I can see it in no other way but this: the President suppressed free thought and free speech when he insisted upon personal neutrality. He held back the deliberate and spontaneous thought and speech of the people except the pro-Germans, who saw their chance and improved it! The mass of the American people found themselves forbidden to think or talk, and this forbidding had a sufficient effect to make them take refuge in indifference. It's the President's job. He's our leader. He'll attend to this matter. We must not embarrass him. On this easy cushion of non-responsibility the great masses fell back at their intellectual and moral ease—softened, isolated, lulled.

That wasn't leadership in a democracy. Right here is the President's vast failure. From it there is now no escape unless the Germans commit more submarine crimes. They have kept the United States for their own exploiting after the war. They have thus had a real triumph of us.

I have talked in Washington with few men who showed any clear conception of the difference between the Germans and the British. To the minds of these people and high Government officials, German and English are alike foreign nations who are now foolishly engaged in war.
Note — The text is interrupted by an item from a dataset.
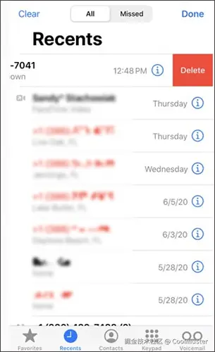 如果您只想删除特定的通话记录,有两种方法:点击“编辑”或在条目上向左滑动。

Two of the men who look upon the thing differently are Houston[42] and Logan Waller Page[43]. In fact, there is no realization of the war in Washington. Secretary Houston has a proper perspective of the situation. He would have done precisely what I recommended—paved the way for claims and let the English take their course. "International law" is no strict code and it's all shot to pieces anyhow.

The Secretary [of State] betrayed not the slightest curiosity about our relations with Great Britain. I saw him several times—(1) in his office; (2) at his house; (3) at the French Ambassador's; (4) at Wallace's; (5) at his office; (6) at Crozier's[44]—this during my first stay in Washington. The only remark he made was that I'd find a different atmosphere in Washington from the atmosphere in London. Truly. All the rest of his talk was about "cases." Would I see Senator Owen? Would I see Congressman Sherley? Would I take up this "case" and that? His mind ran on "cases."